Poiché non tutti lo sanno, è utile ricordare che questi soldi vengono da una tassa sulla bolletta della luce (denominata A3), introdotta nel 1999 per incentivare le fonti di energia rinnovabile e che, mediamente, pesa nel bilancio famigliare con 83 euro all’anno, usati per alimentare il mercato dei “Certificati Verdi”.

Grazie ai Certificati Verdi chi produce elettricità da fonti rinnovabili, riceve dal Gestore della Rete un compenso, per ogni chilowattore immesso in rete, circa tre volte maggiore di quello pagato all’elettricità da fonte fossile (carbone, metano).

 Quanto pesa una centrale a biomasse sul territorio che le ospita 

La normativa a tutela dell’ambiente e della salute richiede alle Regioni di redigere piani di risanamento dell’aria.

Tra gli strumenti tecnici utili per redigere il piano di risanamento è prevista la stima delle emissioni d’inquinanti prodotti annualmente dalle principali fonti civili ed industriali presenti sul territorio di ciascun comune.

In questo modo si valuta la pressione ambientale che queste attività esercitano sul territorio e si possono facilmente individuare le priorità d’intervento.

Questa stima si realizza tramite un censimento di tutte le fonti emissive e il successivo calcolo dell’inquinamento prodotto annualmente da ciascuna fonte a cui si applicano specifici fattori di emissione, elaborati a livello europeo

In questo capitolo prenderemo due centrali a biomassa, che denomineremo Centrale A e Centrale B, recentemente proposte nel centro Italia.

I Comuni che dovrebbero ospitarle si trovano in aree collinari, con importanti superfici boscate, in un contesto a prevalente attività agricola e turistica.

La popolazione dei Comuni che dovrebbero ospitare le due centrali è, rispettivamente di 7.500 e 1.500 abitanti.

In entrambi i Comuni, gli standard di qualità dell’aria degl’inquinanti primari sono ampiamente e costantemente rispettati.

Le due centrali, hanno una potenza elettrica installata, inferiore a 1 Mega watt (1000 Kilo watt) e utilizzano biomasse legnose (centrale A 18.000 ton/anno; centrale B: 11.400 ton/anno).

Per produrre elettricità le centrali utilizzano due diverse tecnologie: forno a griglia nella Centrale A; piro-gassificazione della biomassa e uso del gas prodotto (syngas: miscela di ossido di carbonio e metano) per alimentare motori a combustione interna abbinati ad alternatori, nella Centrale B.

Entrambe le centrali prevedono moderne linee di trattamento fumi: catalizzatori per ridurre gli ossidi di azoto e filtri a maniche per le polveri sottili

Le due centrali producono prevalentemente elettricità che è immessa nella rete elettrica e, in entrambi i progetti, non si prevedono significativi recuperi di calore per il tele-riscaldamento degli edifici e abitazioni.
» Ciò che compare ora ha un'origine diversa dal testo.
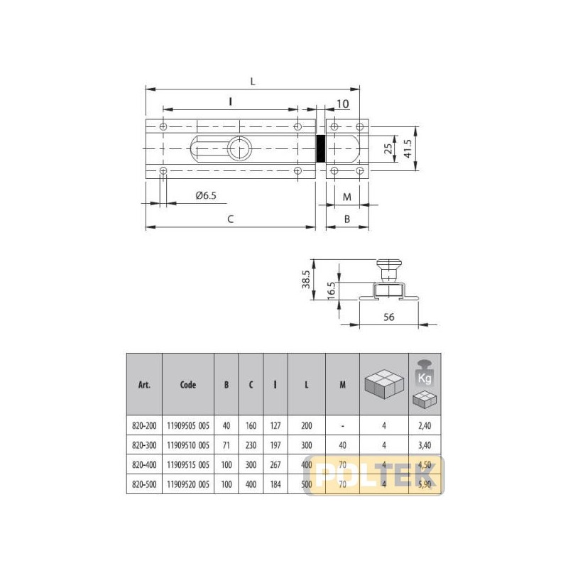 Catenaccio trasversale pesante 25mm per il bloccaggio dell'anta in chiusura.

Per entrambi le centrali sono state calcolate le quantità d’inquinanti che immetteranno nell’ambiente durante il loro funzionamento che è previsto continuo per 24 ore su 24, con le sole interruzioni programmate per la manutenzione degli impianti, stimati pari a una trentina di giorni all’anno.

Il calcolo delle emissioni annuali è stato fatto in base alle concentrazioni medie degli inquinanti presenti nei fumi, valori dichiarati dai proponenti, e alla portata dei camini. In tutti i due casi le concentrazioni di inquinanti, in uscita dai camini, sono ampiamente inferiori ai limiti di legge.

Le Tabelle 2 e 3 riportano i valori delle emissioni annuali delle Centrali A e B e le stime delle emissioni annuali provenienti da tutte le fonti inquinanti presenti nei rispettivi territori comunali (traffico, riscaldamento domestico, agricoltura…).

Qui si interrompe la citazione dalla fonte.